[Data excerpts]
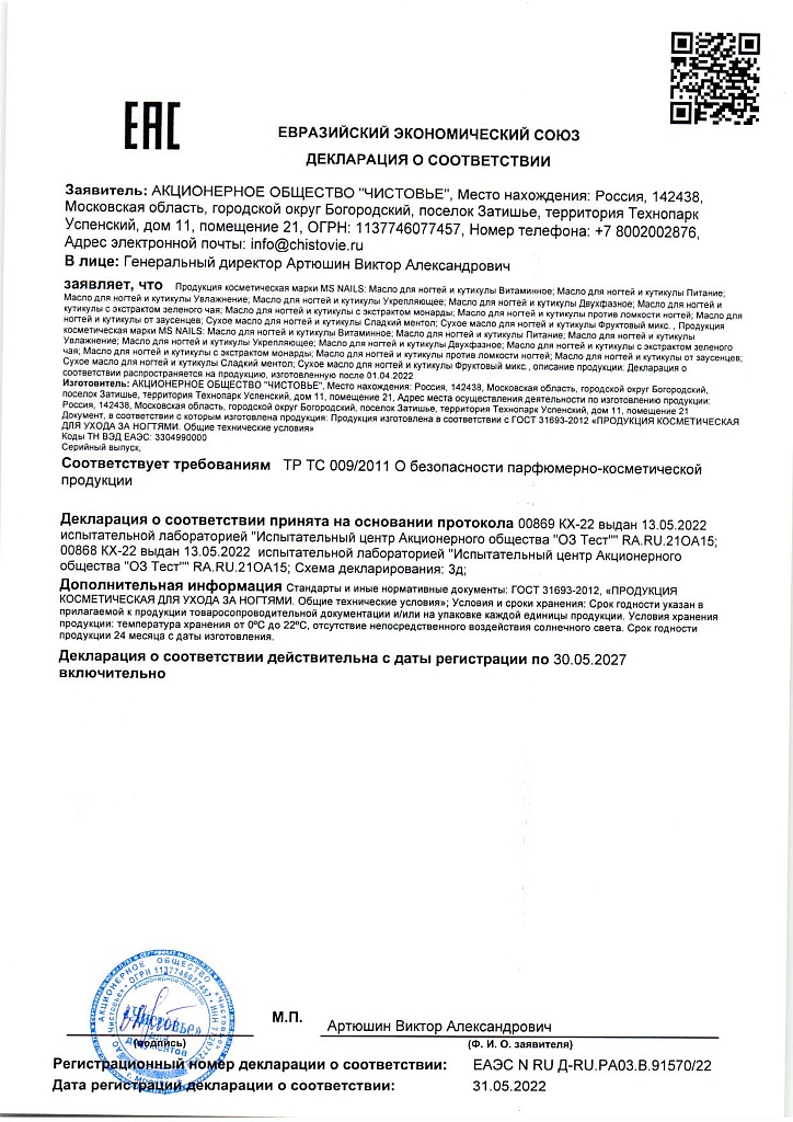 Масло с экстрактом монарды MS NAILS, 15 мл, Бесцветный, 1 шт/упк
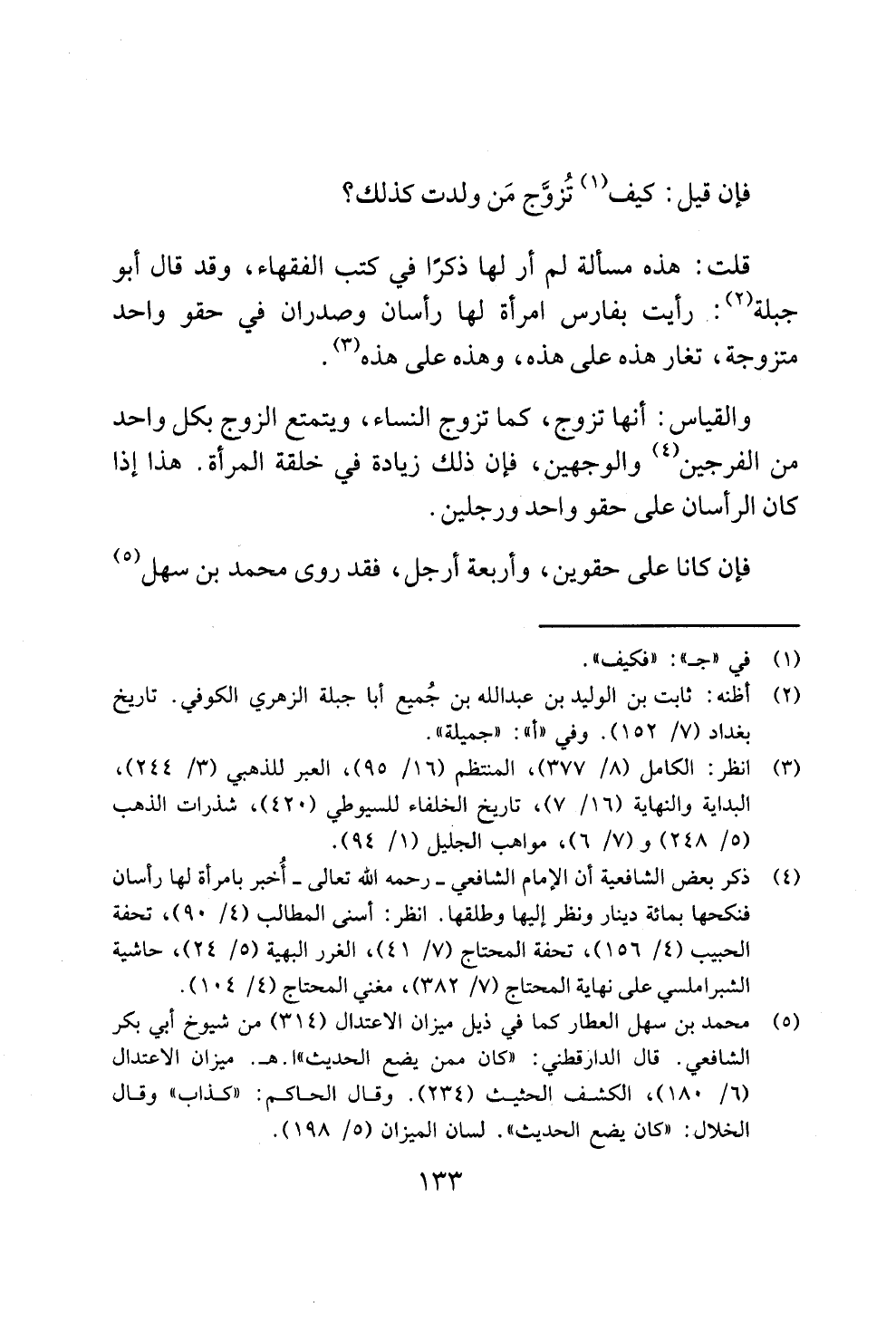 (¬4) ذكر بعض الشافعية أن الإمام الشافعي - رحمه الله تعالى - أُخبر بامرأة لها رأسان فنكحها بمائة دينار ونظر إليها وطلقها. انظر: أسنى المطالب (4/ 90)، تحفة الحبيب (4/ 156)، تحفة المحتاج (7/ 41)، الغرر البهية (5/ 24)، حاشية الشبراملسي على نهاية المحتاج (7/ 382)، مغني المحتاج (4/ 104).
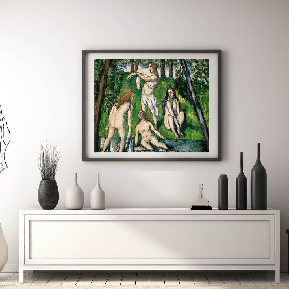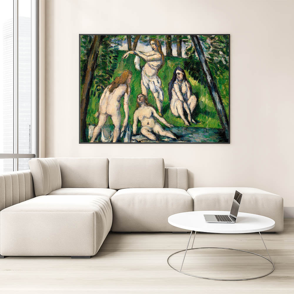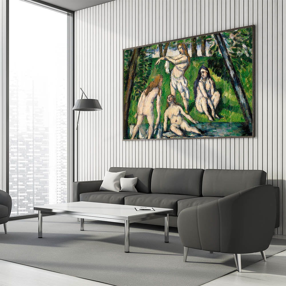 Bring the elegance of nature and human form into your home with "Four Bathers," a timeless piece of modern wall art by Paul Cézanne. This captivating artwork portrays a serene scene of four bathers surrounded by lush greenery, with rich textures and bold brushstrokes that convey movement and depth. Perfect for trendy home decor, this artwork is a celebration of natural beauty and artistic mastery.
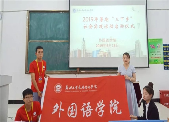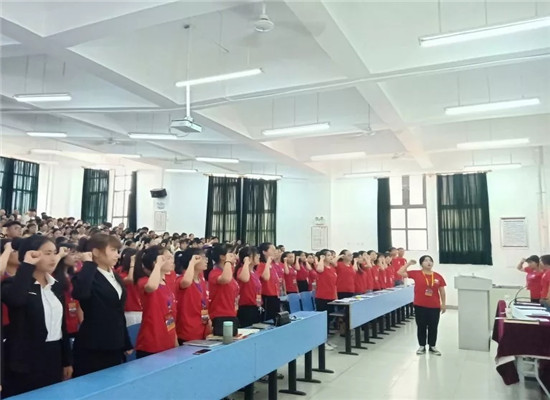 接下来,由员工会副主席李旭杨、李金梅分别宣读beat3652019年暑假“三下乡”社会实践实施方案和beat3652019年暑假“三下乡”社会实践重点团队项目策划。此次暑期“三下乡”社会实践活动主题为“青春大学习,筑梦新时代”。公司将持续开展一系列社会实践活动,让更多的青年员工在实践中做贡献、受教育、长才干。公司党总支书记、员工管理副经理陈晴老师为志愿服务团队授旗。优秀员工干部代表李朝迪发言,她倡议员工干部在学好专业知识的基础上,要全面提升自己,勇于实践、开拓创新。大会议程接近尾声,由员工会副主席李金梅带领全体员工干部宣誓,以此鞭策同学们牢记“三永”精神,做到“四个表率”,艰苦奋斗,砥砺前行。
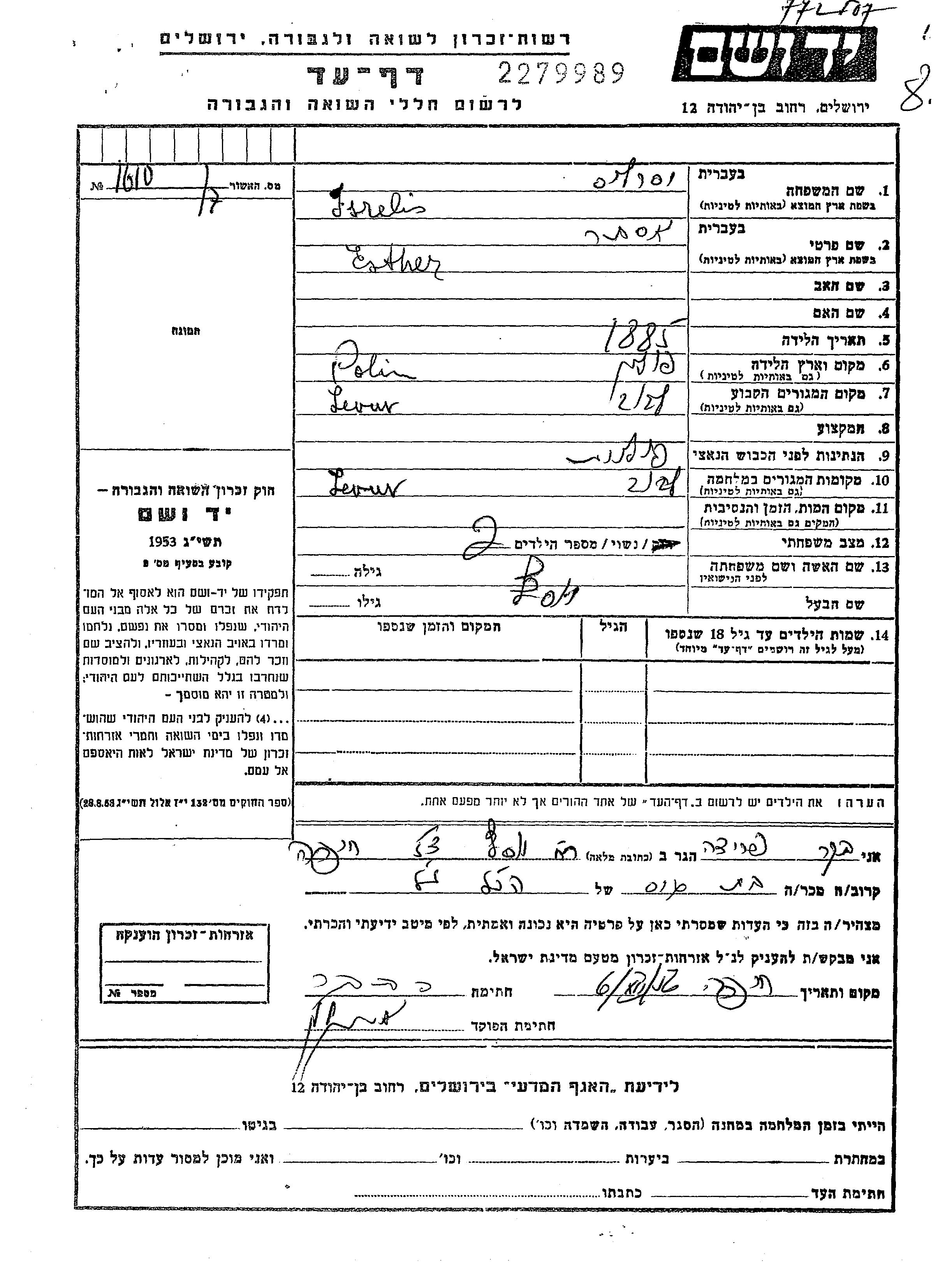 Исрелис Эстер 1885 Львов, Польша Лист свидетельских показаний
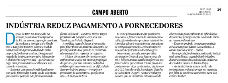 ZERO HORA | CAMPO ABERTO | PÁGINA 19 Depois da BRF ter anunciado na semana passada corte temporário de 5% nos preços pagos a fornecedores de produtos e serviços até o fim do ano, a Languiru também adotou a medida para amenizar a pressão da alta do milho na produção de aves e suínos. De […]
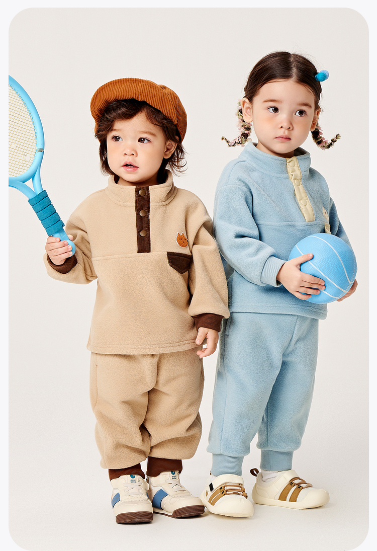 【净电绒】迷你巴拉长袖套装男女童毛绒保暖抗静电时尚两件套
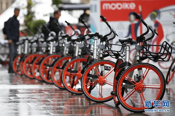这是6月29日在英国曼彻斯特拍摄的摩拜单车。新华社发(克雷格·布拉夫摄)
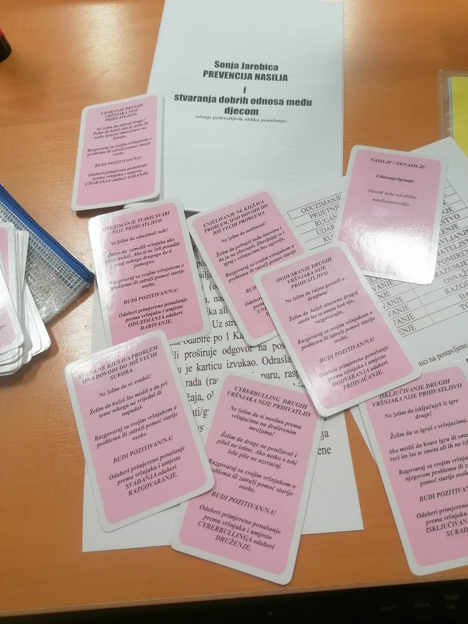 Završni zadatak odnosio se na prevenciju nasilja i stvaranja dobrih odnosa među djecom. Učenici su na osnovi tablice nepoželjnih i poželjnih oblika ponašanja učili da imaju mogućnost izbora ponašanja učenika u nasilnim situacijama (npr. udaranje-dogovaranje, ruganje-uvažavanje, vrijeđanje-poštivanje i sl.) te su učili imenovanje prihvatljivih/nenasilnih ponašanja. Uz pomoć učiteljice i knjižničarke učenici su još odabirali roza kartice tj. Kartice Nenasilja gdje smo svi zajedno ponavljali što danas naučili.

### PROBLEM TO SOLVE
For the data above, set down exactly the lines from the line with "(¬4) ذكر بعض" to the line with "这是6月29日在英国曼彻斯特拍摄的摩拜单车。新华社发(克雷格·布拉夫摄)", both included, leaving pictures out.

### WRITTEN SOLUTION
 (¬4) ذكر بعض الشافعية أن الإمام الشافعي - رحمه الله تعالى - أُخبر بامرأة لها رأسان فنكحها بمائة دينار ونظر إليها وطلقها. انظر: أسنى المطالب (4/ 90)، تحفة الحبيب (4/ 156)، تحفة المحتاج (7/ 41)، الغرر البهية (5/ 24)، حاشية الشبراملسي على نهاية المحتاج (7/ 382)، مغني المحتاج (4/ 104).
 Bring the elegance of nature and human form into your home with "Four Bathers," a timeless piece of modern wall art by Paul Cézanne. This captivating artwork portrays a serene scene of four bathers surrounded by lush greenery, with rich textures and bold brushstrokes that convey movement and depth. Perfect for trendy home decor, this artwork is a celebration of natural beauty and artistic mastery.
 接下来,由员工会副主席李旭杨、李金梅分别宣读beat3652019年暑假“三下乡”社会实践实施方案和beat3652019年暑假“三下乡”社会实践重点团队项目策划。此次暑期“三下乡”社会实践活动主题为“青春大学习,筑梦新时代”。公司将持续开展一系列社会实践活动,让更多的青年员工在实践中做贡献、受教育、长才干。公司党总支书记、员工管理副经理陈晴老师为志愿服务团队授旗。优秀员工干部代表李朝迪发言,她倡议员工干部在学好专业知识的基础上,要全面提升自己,勇于实践、开拓创新。大会议程接近尾声,由员工会副主席李金梅带领全体员工干部宣誓,以此鞭策同学们牢记“三永”精神,做到“四个表率”,艰苦奋斗,砥砺前行。
 Исрелис Эстер 1885 Львов, Польша Лист свидетельских показаний
 ZERO HORA | CAMPO ABERTO | PÁGINA 19 Depois da BRF ter anunciado na semana passada corte temporário de 5% nos preços pagos a fornecedores de produtos e serviços até o fim do ano, a Languiru também adotou a medida para amenizar a pressão da alta do milho na produção de aves e suínos. De […]
 【净电绒】迷你巴拉长袖套装男女童毛绒保暖抗静电时尚两件套
这是6月29日在英国曼彻斯特拍摄的摩拜单车。新华社发(克雷格·布拉夫摄)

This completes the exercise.